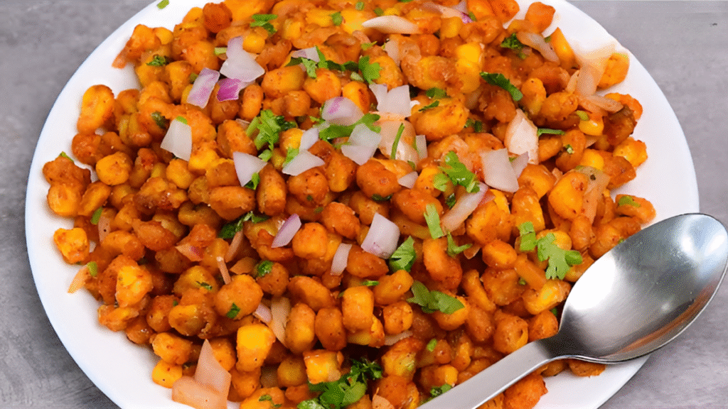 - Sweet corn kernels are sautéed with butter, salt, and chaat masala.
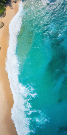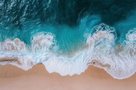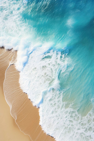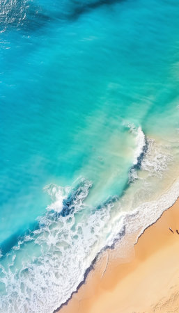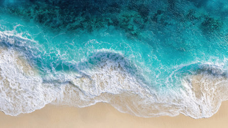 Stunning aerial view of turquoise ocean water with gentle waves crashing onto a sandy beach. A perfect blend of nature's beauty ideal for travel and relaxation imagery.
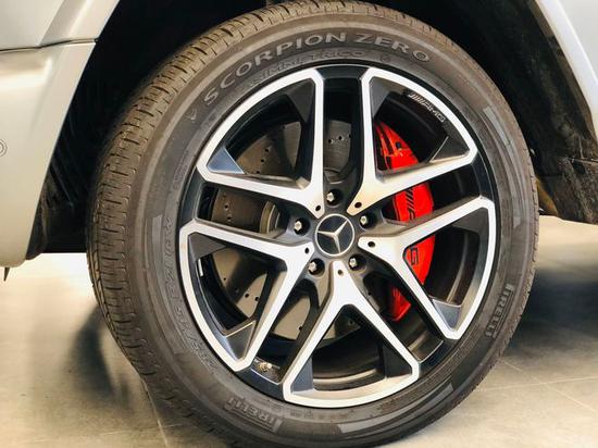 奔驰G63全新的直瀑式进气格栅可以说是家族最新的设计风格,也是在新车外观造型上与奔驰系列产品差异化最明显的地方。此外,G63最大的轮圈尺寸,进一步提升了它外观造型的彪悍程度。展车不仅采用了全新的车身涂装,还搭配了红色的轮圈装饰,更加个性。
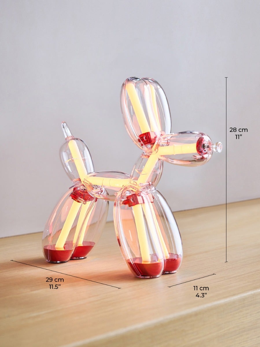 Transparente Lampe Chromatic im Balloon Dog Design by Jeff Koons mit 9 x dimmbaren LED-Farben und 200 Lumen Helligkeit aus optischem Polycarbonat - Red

▸ **Aim of the task**: Without any pictures, print the whole listing again exactly as it stands.

▸ **Result below**:
 - Sweet corn kernels are sautéed with butter, salt, and chaat masala.
 Stunning aerial view of turquoise ocean water with gentle waves crashing onto a sandy beach. A perfect blend of nature's beauty ideal for travel and relaxation imagery.
 奔驰G63全新的直瀑式进气格栅可以说是家族最新的设计风格,也是在新车外观造型上与奔驰系列产品差异化最明显的地方。此外,G63最大的轮圈尺寸,进一步提升了它外观造型的彪悍程度。展车不仅采用了全新的车身涂装,还搭配了红色的轮圈装饰,更加个性。
 Transparente Lampe Chromatic im Balloon Dog Design by Jeff Koons mit 9 x dimmbaren LED-Farben und 200 Lumen Helligkeit aus optischem Polycarbonat - Red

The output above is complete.